Your assignment —
Would you retype, word for word, only the lines from the one holding "43351318 alte Postkarte" through the final line of the entries below, without the pictures?

(Source data)
━━━━━━━━━━━━━━━━━━━━
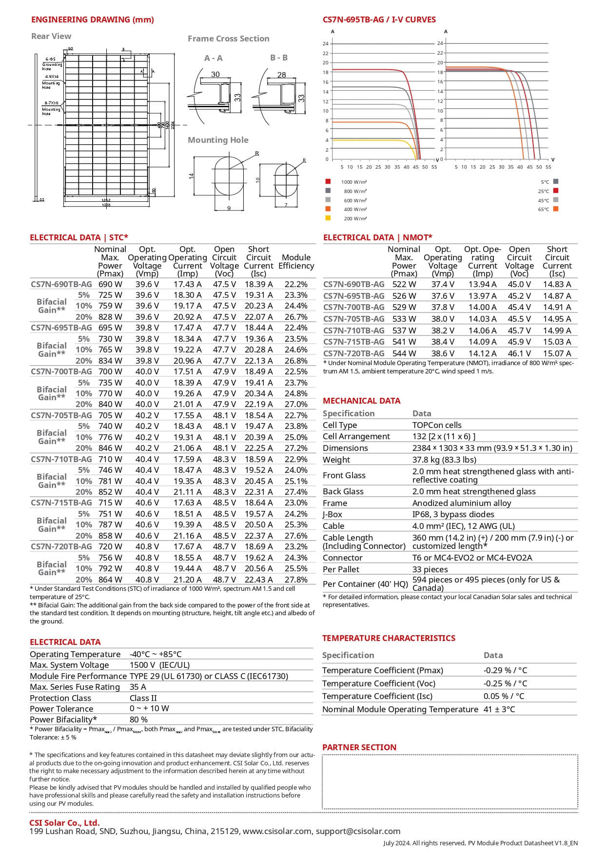 Thông số tấm pin mặt trời Canadian Solar 710W – 715W
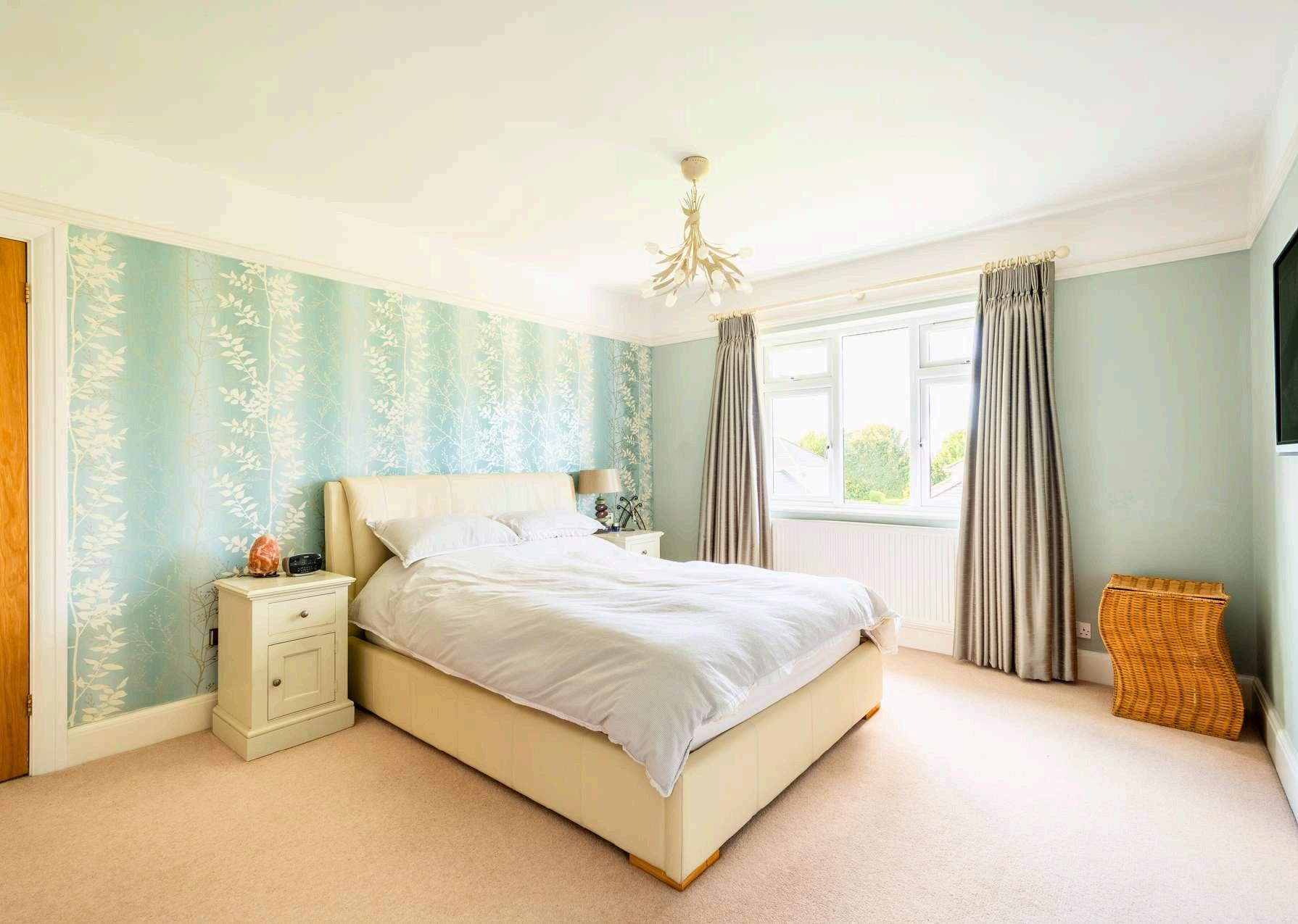 On the first floor, four double bedrooms provide comfortable accommodation, including the master suite, which enjoys delightful views over the garden and beyond. The master also benefits from a walk-in dressing room and a superb en-suite shower room. A well-appointed family bathroom with a bath and separate shower completes this floor. The second floor is home to a spacious fifth bedroom, offering stunning views towards the Channel, along with access to a stylish contemporary en-suite shower room.
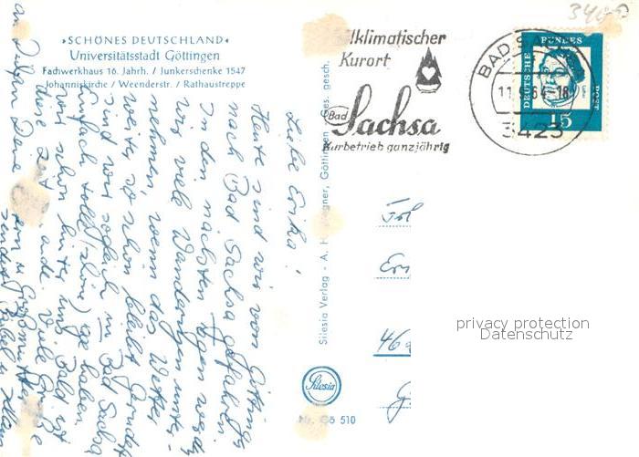 43351318 alte Postkarte Goettingen Niedersachsen Gaenseliesel Johanniskirche Marktplatz Fachwerkhaus Rathaustreppe postalisch gelaufen Erhaltung siehe scans [KathaD81] KatCode: 11110003152012
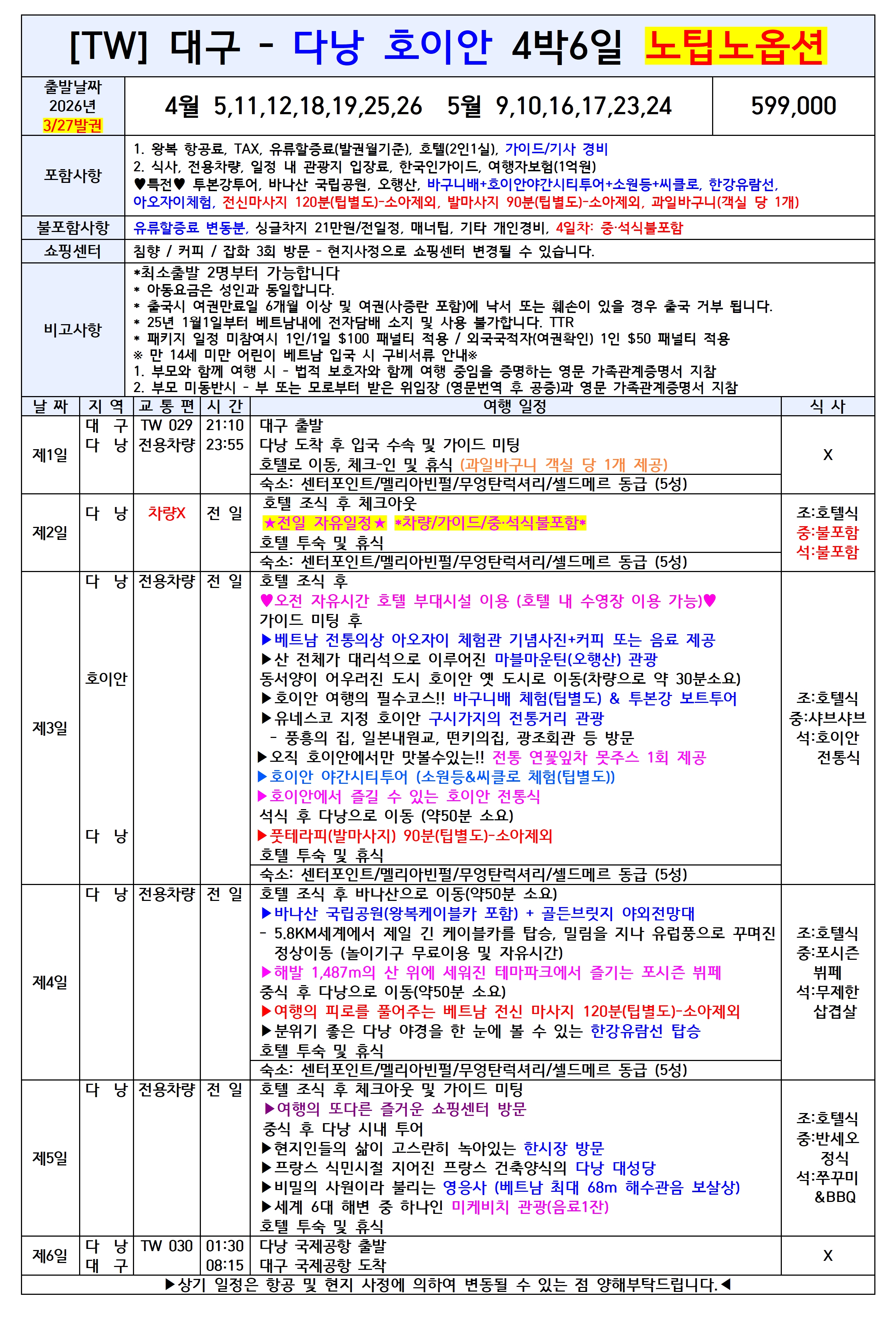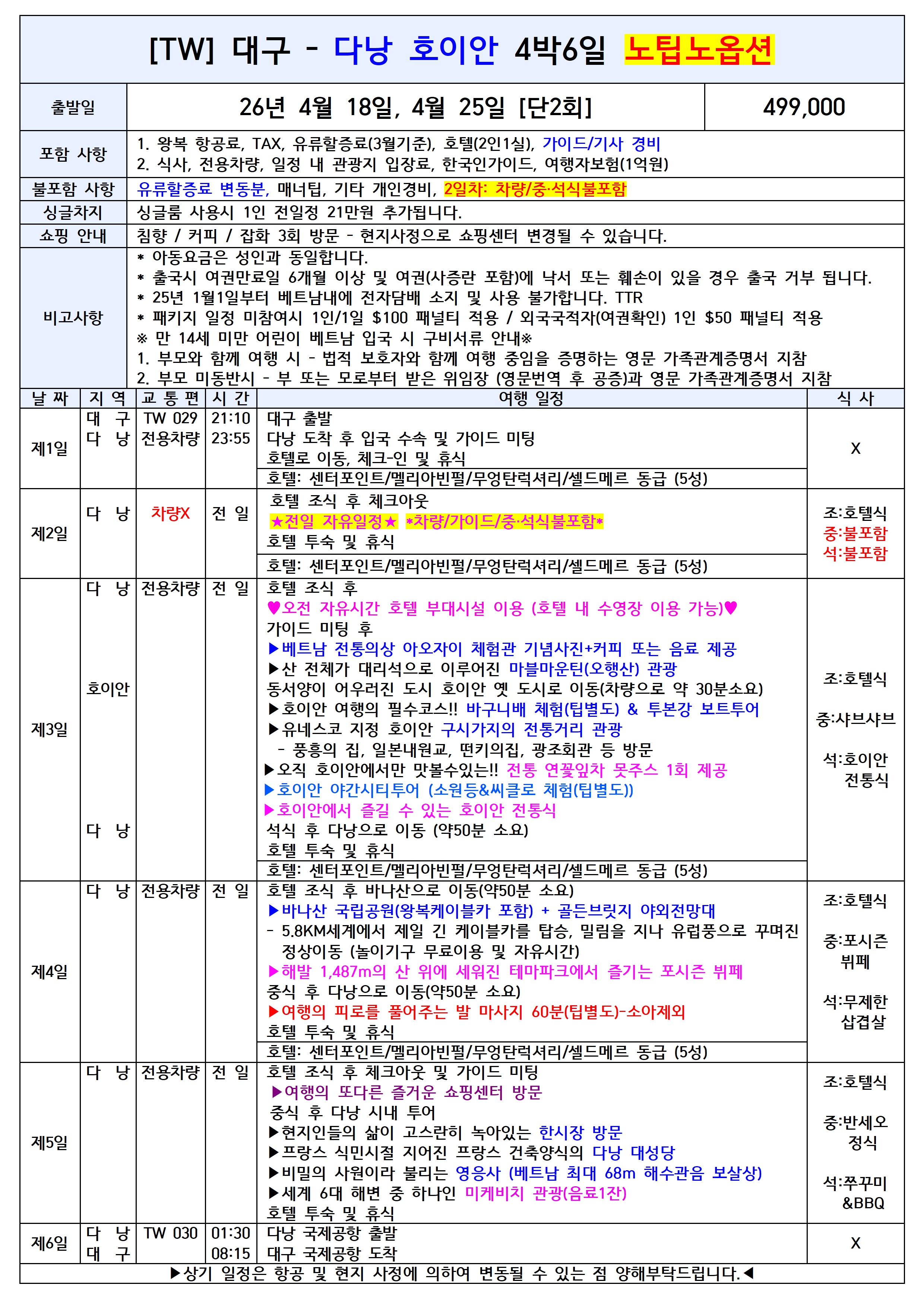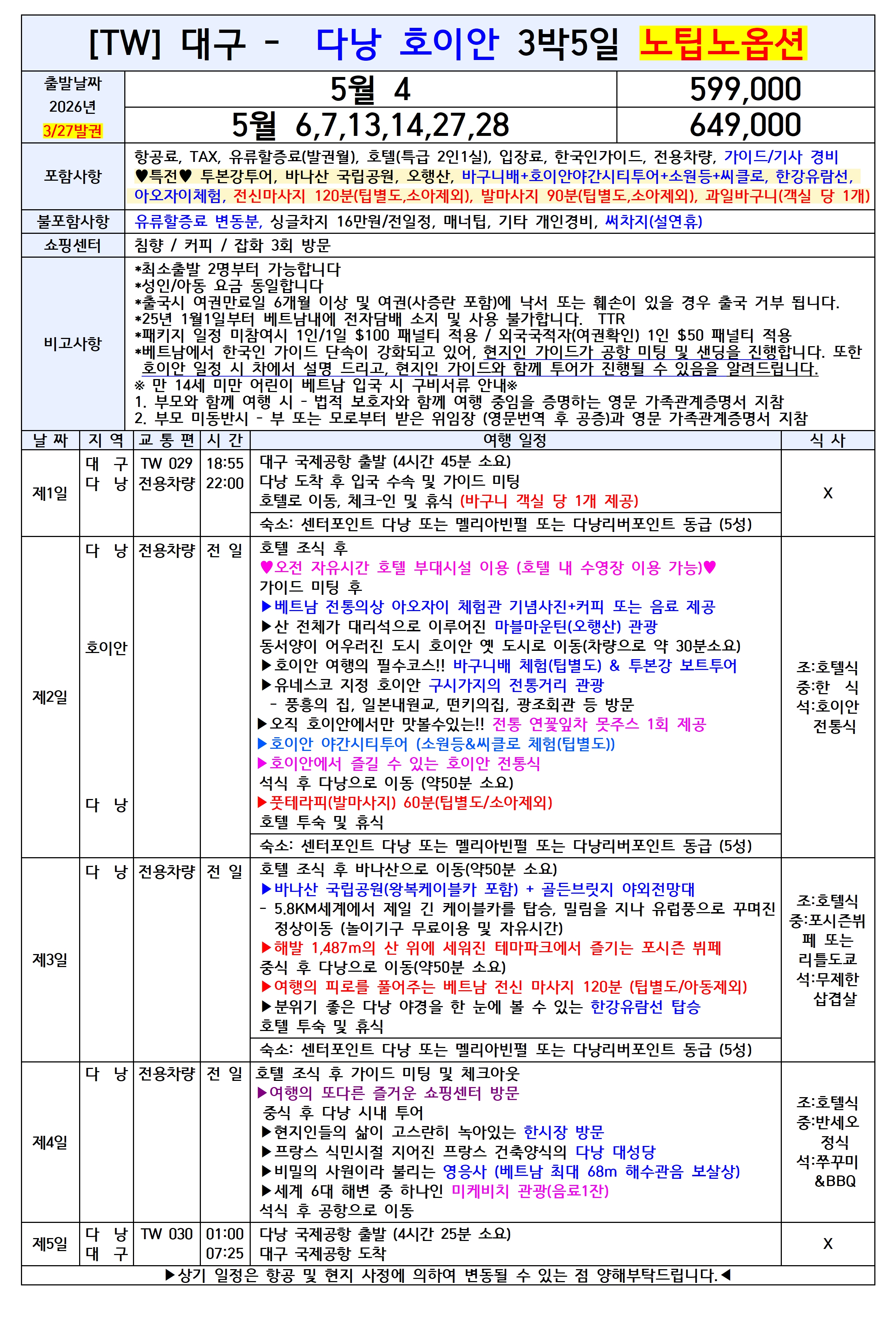 🚨선착순특가🚨 대구출발 다낭/호이안 노팁노옵션
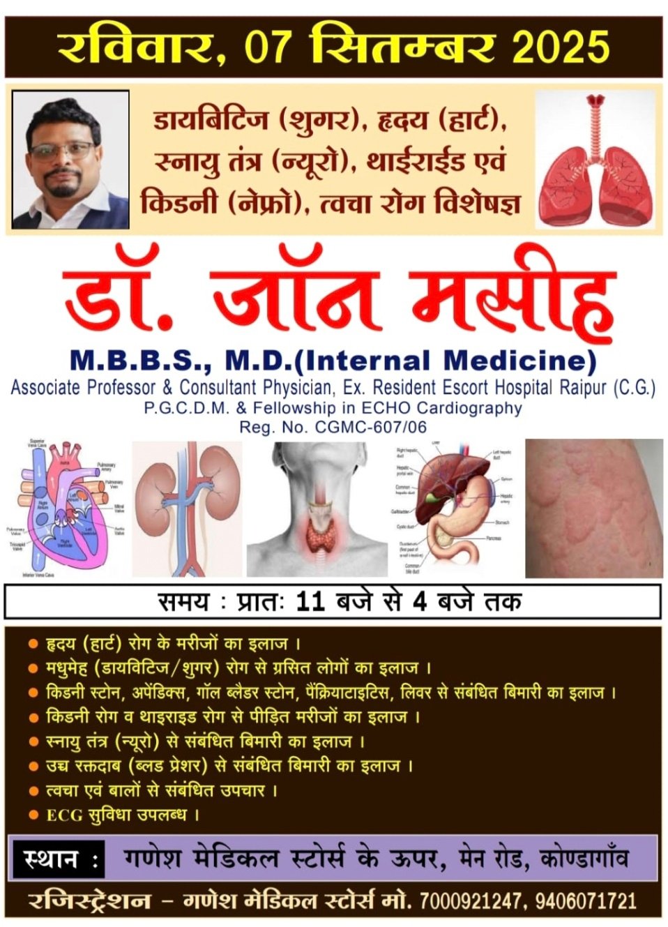 उजाला टुडे कोंडागाँव 5 सितंबर 2025- अब कोंडागाँव के निवासियों को बड़ी बीमारियों के इलाज के लिए कहीं और जाने की ज़रूरत नहीं पड़ेगी! रायपुर के जाने-माने इंटरनल मेडिसिन विशेषज्ञ डॉ. जॉन मसीह 07 सितंबर 2025, रविवार को कोंडागाँव में मरीज़ों से मिलेंगे। यह एक शानदार मौका है जब आप शुगर, ब्लड प्रेशर, थायरॉइड या दिल से जुड़ी किसी भी समस्या के लिए सीधे विशेषज्ञ से सलाह ले सकते हैं।
━━━━━━━━━━━━━━━━━━━━
Problem solution —
 43351318 alte Postkarte Goettingen Niedersachsen Gaenseliesel Johanniskirche Marktplatz Fachwerkhaus Rathaustreppe postalisch gelaufen Erhaltung siehe scans [KathaD81] KatCode: 11110003152012
 🚨선착순특가🚨 대구출발 다낭/호이안 노팁노옵션
 उजाला टुडे कोंडागाँव 5 सितंबर 2025- अब कोंडागाँव के निवासियों को बड़ी बीमारियों के इलाज के लिए कहीं और जाने की ज़रूरत नहीं पड़ेगी! रायपुर के जाने-माने इंटरनल मेडिसिन विशेषज्ञ डॉ. जॉन मसीह 07 सितंबर 2025, रविवार को कोंडागाँव में मरीज़ों से मिलेंगे। यह एक शानदार मौका है जब आप शुगर, ब्लड प्रेशर, थायरॉइड या दिल से जुड़ी किसी भी समस्या के लिए सीधे विशेषज्ञ से सलाह ले सकते हैं।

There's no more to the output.